Task objective:
Below are the records; give again exactly the lines from the one containing "Bring a colorful" through the one containing "sont à envisager.", leaving out pictures.

Material provided:
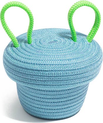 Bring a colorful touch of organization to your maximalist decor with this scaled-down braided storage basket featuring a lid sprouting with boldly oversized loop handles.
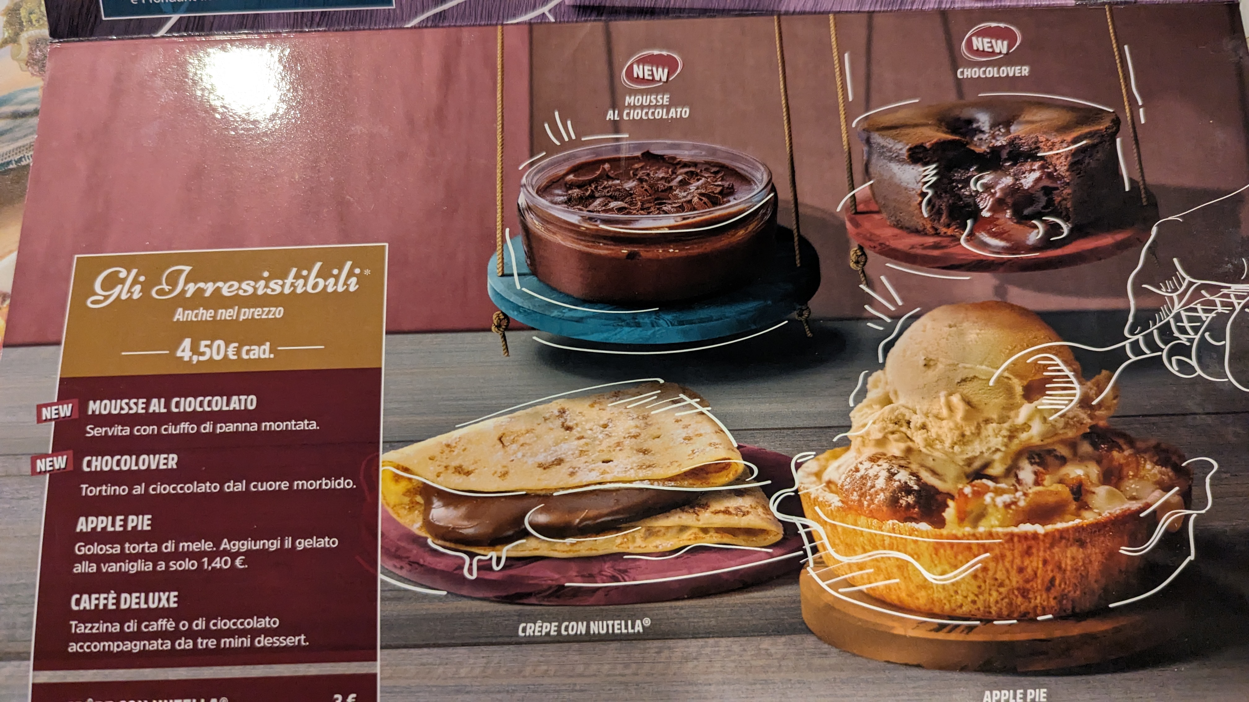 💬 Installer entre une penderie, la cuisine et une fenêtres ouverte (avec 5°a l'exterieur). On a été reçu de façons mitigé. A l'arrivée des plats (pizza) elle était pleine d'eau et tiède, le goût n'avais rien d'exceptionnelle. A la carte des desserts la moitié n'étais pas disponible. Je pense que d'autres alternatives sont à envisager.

---

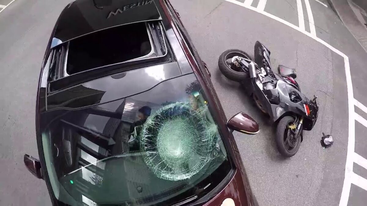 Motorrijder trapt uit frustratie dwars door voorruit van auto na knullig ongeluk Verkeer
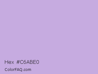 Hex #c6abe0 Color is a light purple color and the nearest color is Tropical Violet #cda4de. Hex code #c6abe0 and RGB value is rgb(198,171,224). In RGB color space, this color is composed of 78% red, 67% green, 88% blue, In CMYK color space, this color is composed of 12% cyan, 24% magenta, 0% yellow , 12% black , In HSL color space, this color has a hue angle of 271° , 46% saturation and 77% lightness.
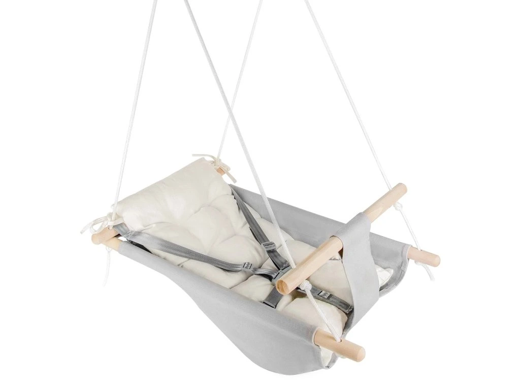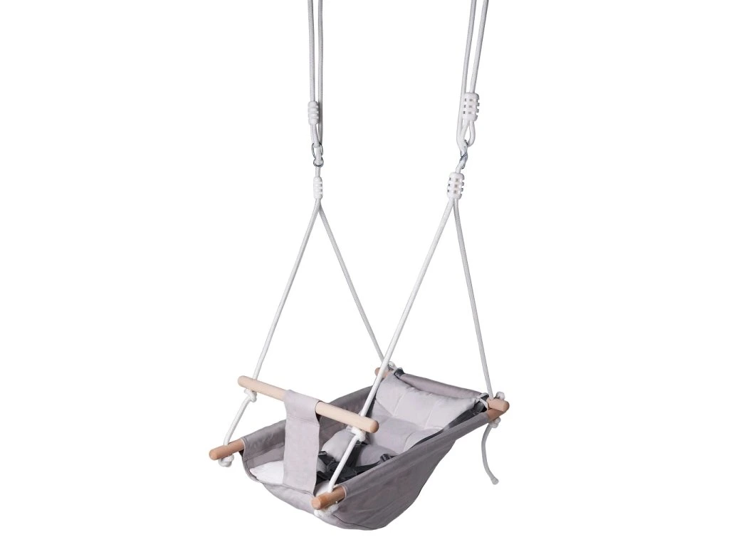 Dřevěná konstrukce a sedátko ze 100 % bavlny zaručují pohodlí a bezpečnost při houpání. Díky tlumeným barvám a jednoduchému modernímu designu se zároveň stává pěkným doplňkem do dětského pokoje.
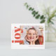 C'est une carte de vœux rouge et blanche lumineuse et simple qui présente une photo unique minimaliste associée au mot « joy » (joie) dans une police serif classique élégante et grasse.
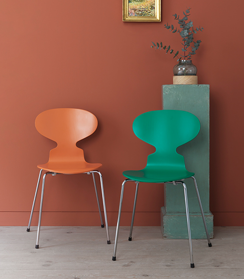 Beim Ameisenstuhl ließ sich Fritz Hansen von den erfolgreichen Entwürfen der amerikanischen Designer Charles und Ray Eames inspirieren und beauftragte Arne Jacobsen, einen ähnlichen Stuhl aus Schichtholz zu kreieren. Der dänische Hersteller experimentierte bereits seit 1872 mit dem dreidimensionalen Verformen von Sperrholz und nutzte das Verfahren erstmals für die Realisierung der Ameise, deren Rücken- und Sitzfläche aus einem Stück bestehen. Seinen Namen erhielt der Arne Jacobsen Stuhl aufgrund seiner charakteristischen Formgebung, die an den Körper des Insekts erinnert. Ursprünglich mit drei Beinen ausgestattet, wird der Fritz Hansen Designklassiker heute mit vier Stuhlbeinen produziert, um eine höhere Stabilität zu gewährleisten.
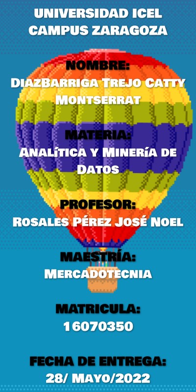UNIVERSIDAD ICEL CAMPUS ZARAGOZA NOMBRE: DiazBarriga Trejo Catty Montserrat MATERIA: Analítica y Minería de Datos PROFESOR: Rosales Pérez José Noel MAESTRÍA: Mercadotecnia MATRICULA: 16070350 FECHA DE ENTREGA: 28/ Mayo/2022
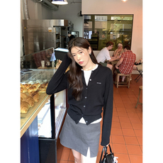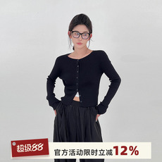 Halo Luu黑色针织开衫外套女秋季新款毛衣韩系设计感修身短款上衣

Answer box:
 Bring a colorful touch of organization to your maximalist decor with this scaled-down braided storage basket featuring a lid sprouting with boldly oversized loop handles.
 💬 Installer entre une penderie, la cuisine et une fenêtres ouverte (avec 5°a l'exterieur). On a été reçu de façons mitigé. A l'arrivée des plats (pizza) elle était pleine d'eau et tiède, le goût n'avais rien d'exceptionnelle. A la carte des desserts la moitié n'étais pas disponible. Je pense que d'autres alternatives sont à envisager.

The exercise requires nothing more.